This paper is organized as follows. Section 2 describes problem and data for the analysis. Section 3 discuss methods for FDT and FRF induction. These classifiers are developed based on real records of COVID-19 patients and take into consideration all specifics of this data. Section 4 introduces the set of metrics for the proposed classifier evaluation. Section 5 focuses on the accuracy of inducted FDT and FRF evaluation and comparison these classifiers with other.

2. Data Collection

The data for this study was collected from real records of COVID-19 patients in ICU at Guy’s and St Thomas’ National Health Service (NHS) Foundation Trust. The dataset consists of 177 anonymous patients’ records with laboratory-confirmed COVID-19 disease. These data are described by 29 input attributes which are divided into two groups: attributes formed based on baseline characteristics and attributes obtained during 14 days of hospitalization. The analysis objective was focused on the prediction of a patient’s survival. The additional information about the considered and analyzed data has been introduced in the paper [38], where medical aspects of this data has been presented in detail.
Baseline dataset characteristics are interpreted as input attributes which can be obtained immediately after admission of a patient or by analysis of patient’s health records. The attributes of the first part obtained immediately are age, gender, ethnicity, Body Mass Index (BMI), and the Acute Physiology and Chronic Health Evaluation II (APACHE II) score. The baseline characteristic from patient’s health records can be as confirmation of diabetes, mellitus, hypertension, ischemic heart disease, chronic obstructive pulmonary disease, asthma, and chronic kidney disease. One more input attribute of the baseline characteristics is thromboembolism (pulmonary, venous, or multiple). These attributes formed based on baseline characteristics are categorical (except age and BMI which are numerical).
The second group of input attributes is collected from vital signs, markers of acute respiratory failure, and serum-based biomarkers severity disease. These attributes were measured repeatedly in different time points (after 24 h of clinical care, on days 7, 10, and 14). If some patient died or was disconnected from mechanical ventilation, the last measured values were used. These attributes are named PEEP (Positive End-Expiratory Pressure), FiO2 (Fraction of Inspired Oxygen), PaO2 (Partial Pressure of Oxygen), PF Ratio, CRP (C-reactive Protein), Ferritin, D_Dimer, Temperature, Vasopressors, RRT (Renal Replacement Therapy), and ECMO (Extracorporeal Membrane Oxygenation). The attributes of the second group are numerical.
The input attributes for the considered problem are categorical and numerical. The categorical data about patient can have ambiguity, for example, as problem of unambiguous interpretability of information in health records. The measured numerical data can have vagueness which, for example, can be caused by measuring device error.

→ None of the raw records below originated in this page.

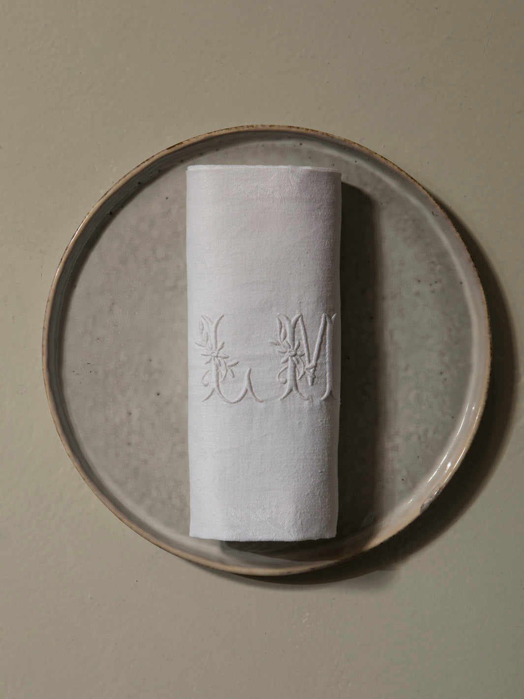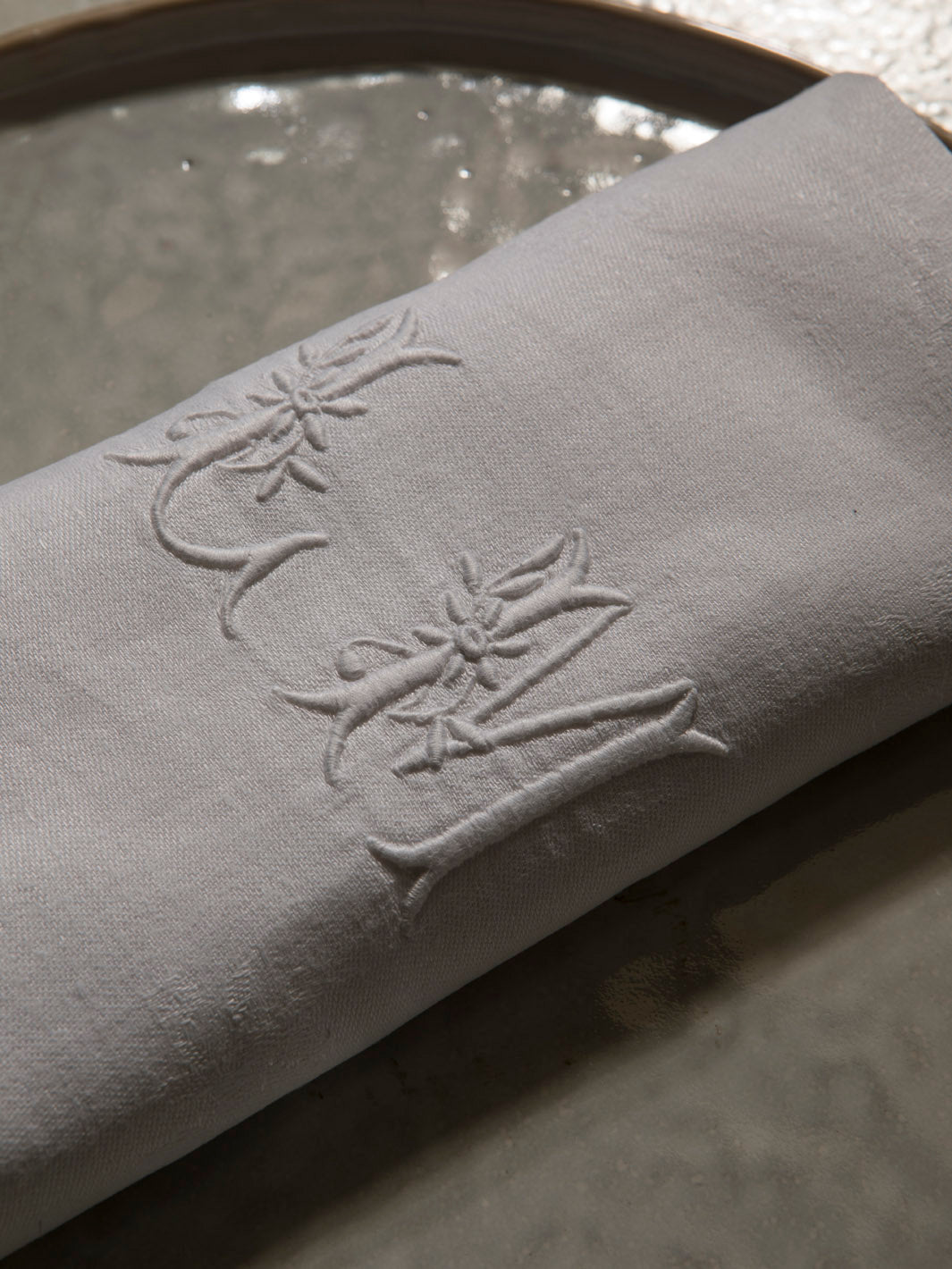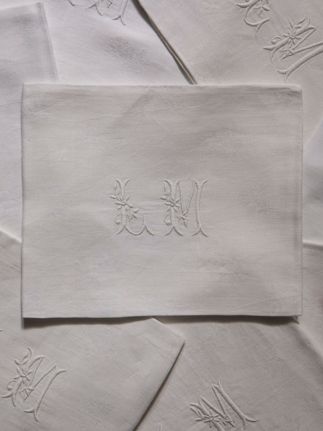 Juego de 8 servilletas de Damasco francés original de los años 20 en color blanco desgastado con las iniciales LM bordadas a mano.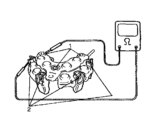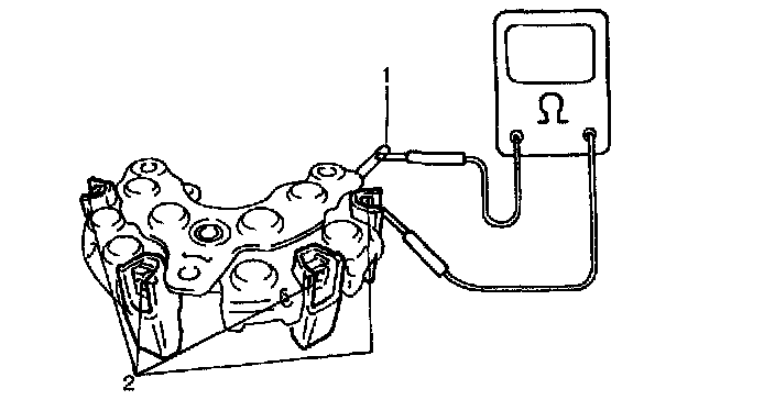 1. Using ohmmeter, check continuity between each of upper and lower rectifier bodies and each diode lead (2). Check both directions by reversing probes of ohmmeter and there should be only one-way continuity in each case. If check result is not satisfactory, replace rectifier (1).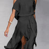 De jurk is de belichaming van moeiteloze elegantie. Met een asymmetrisch ontwerp en een off-shoulder halslijn straalt deze jurk verfijning uit. De vloeiende stof beweegt sierlijk bij elke stap, terwijl de gedrapeerde taille de vrouwelijke vormen accentueert. Perfect voor zowel zomerse evenementen als chique avondjes uit.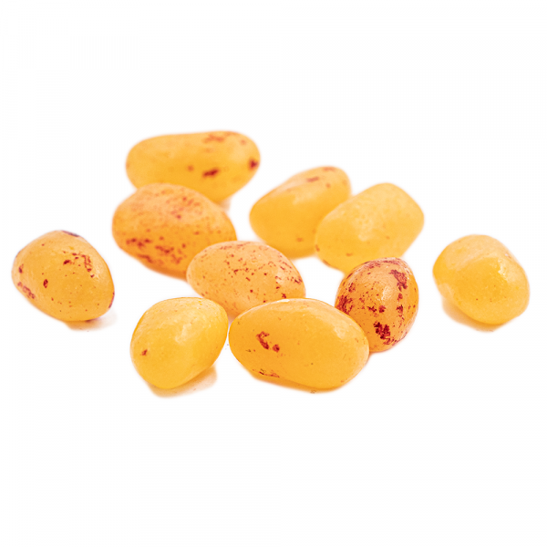 Caramelle gommose a forma di fagiolo, gusto pesca.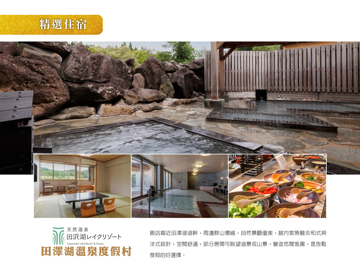 【田澤湖溫泉】溫泉區域包含田澤湖高原溫泉鄉、水澤溫泉鄉及乳頭溫泉鄉等,泉質多樣,以硫磺泉、單純泉與弱鹽泉為主,據說對神經痛、關節痛、皮膚病及疲勞恢復皆有良效。溫泉鄉氛圍悠閒寧靜,部分飯店提供露天風呂與大浴場,冬季時可在溫泉中感受雪景圍繞的療癒體驗。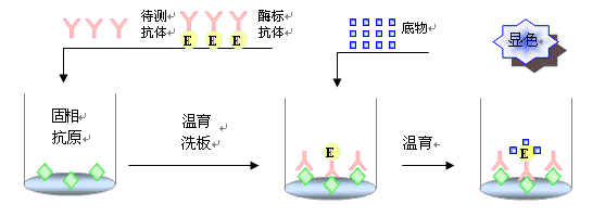 方法:用已知抗体包被,加入待测血清,再加酶标抗体,加底物显色。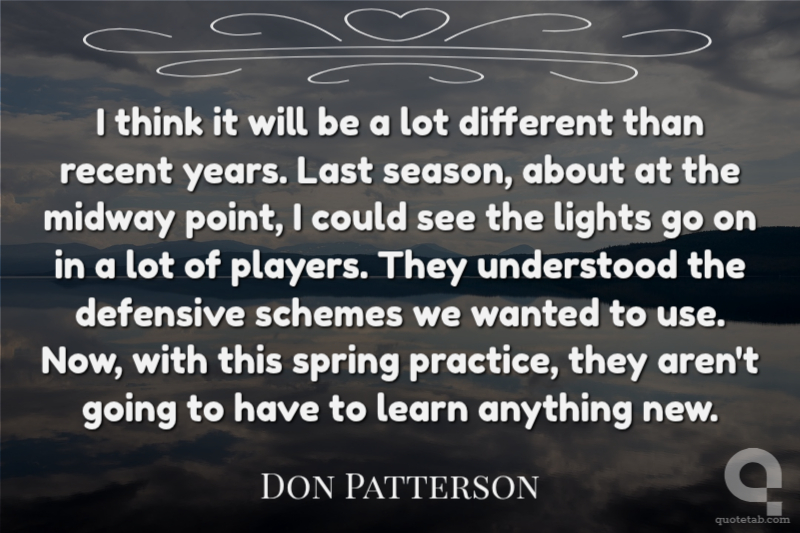 I think it will be a lot different than recent years. Last season, about at the midway point, I could see the lights go on in a lot of players. They understood the defensive schemes we wanted to use. Now, with this spring practice, they aren't going to have to learn anything new.
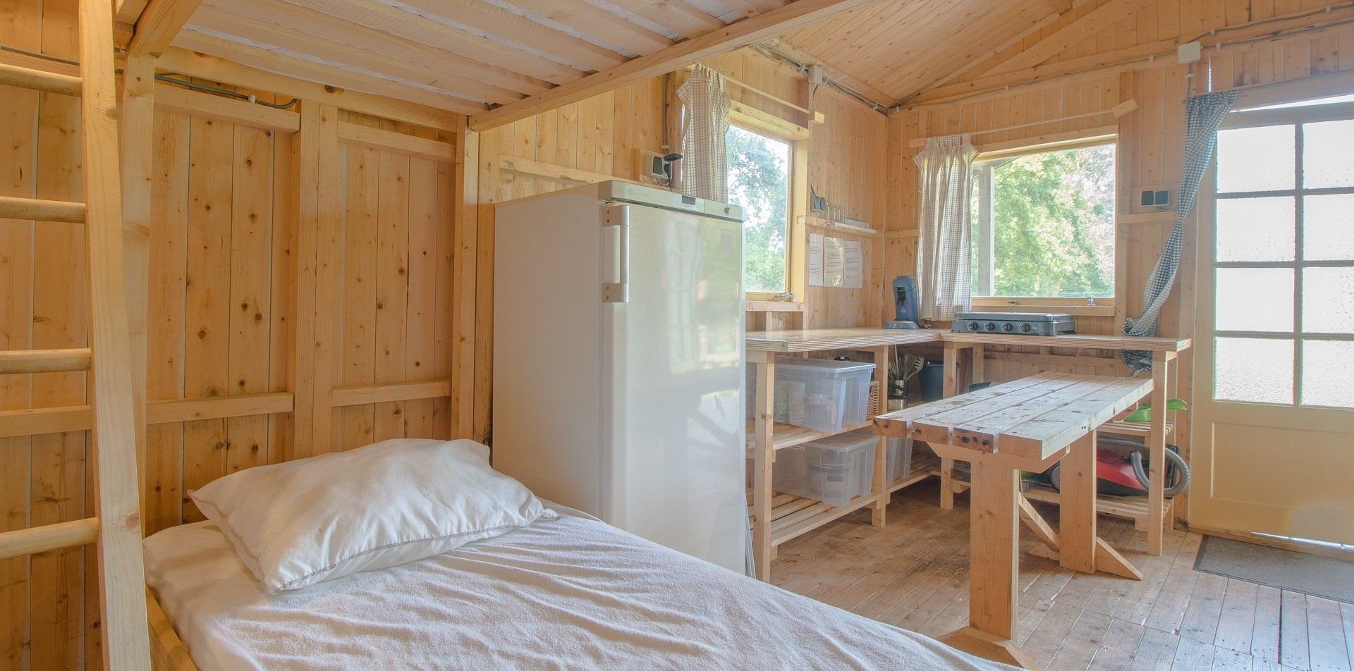 Een groot en gezellig groepsverblijf met maar liefst 14 slaapplaatsen verdeeld over stapelbedden. Met een grote eettafel, krukjes en houten banken, een hoge koelkast, een eenvoudig keukenblok met volledig servies, waterkoker en koffiezetapparaat, pannen en kooktoestel.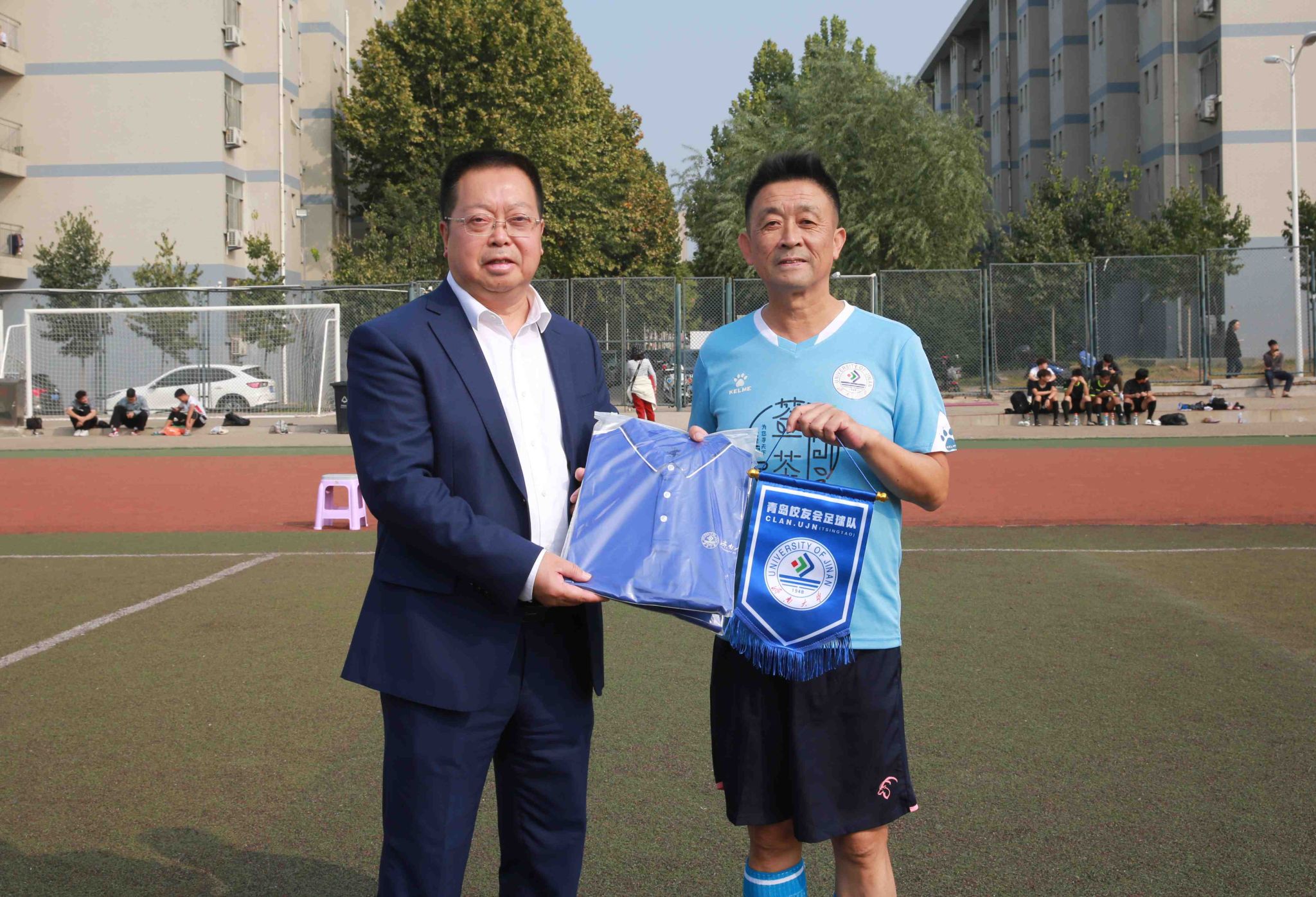 劉宗明校長(zhǎng)為足球友誼賽開(kāi)球。校友足球隊(duì)向?qū)W校贈(zèng)送了足球隊(duì)隊(duì)旗等紀(jì)念品。

Therefore, the fuzzy classification is more acceptable for the considered problem to facilitate decision-making for optimal timing of tracheostomy for prolonged respiratory wean in critically ill COVID-19 patients.

3. Fuzzy Classifier for Facilitate Decision-Making in Treatment of Patients with Coronavirus Pneumonia

The problem of COVID-19 diagnosis is one of relevant problems which is investigated intensively with the use of Machine Learning approaches. The classification methods are background of decision-making procedures of COVID-19 diagnosis [8]. The method for the classifier induction is principal step in development of decision-making procedure. In some studies of COVID-19, fuzzy classifiers are developed. For example, in [18] detecting COVID-19 patients based on a fuzzy inference engine was conducted. There are other studies, that use the fuzzy approach [17,18,34,35,37]. This study proves that fuzzy classification allows to obtain better results as crisp based classification methods. However, investigations of fuzzy classification in decision-making support of COVID-19 treatment are not sufficient [38,40,41].
We proposed the fuzzy classification based on FDT for decision-making in the optimal timing of tracheostomy insertion in COVID-19 patients as one of the possible fuzzy classification-based methods. This investigation has been started in [38]. In [38], decision-making procedure of patients’ treatment has been considered based on development of decision tree (the algorithm C4.5 has been used for the classifier induction).

3.1. Fuzzy Classifier Induction

The use of the fuzzy classifier causes the representation of initial data in form of fuzzy data [39]. The data fuzzification allows for taking into account uncertainty of initial data. Fuzzy data not only provide confident description of initial data, but also offers the results in form most consistent with conventional reasoning [42]. The initial data must be transformed by the special procedure of the preprocessing if they are not fuzzy. This preprocessing is implemented by procedure of fuzzification. Preprocessing (fuzzification) is important to extract more detailed information from data, and take into account the possible ambiguity, vagueness, and impurity of initial data. Therefore, the procedure of the preprocessing as initial data fuzzification is introduced in the method for fuzzy classifier design (Figure 1). The output of the fuzzification is fuzzy data, which is interpreted as input attributes for the classification.
The similar conception of fuzzy classifier application has been in study [39] for the EEG signal classification. However, the preprocessing of signal in classification based on fuzzy classifier has other structure and includes additional procedures of feature extraction (based on Welch transformation) and dimensional reduction (based on the Principal Component Analysis method).
The fuzzification and fuzzy classifier can be implemented based on different approaches. In this investigation the Fuzzy c-means (FCM) algorithm is used for the initial data fuzzification. FDT and FRF are proposed for the classification as decision tree based classifier with well interpretability and visibility of the result.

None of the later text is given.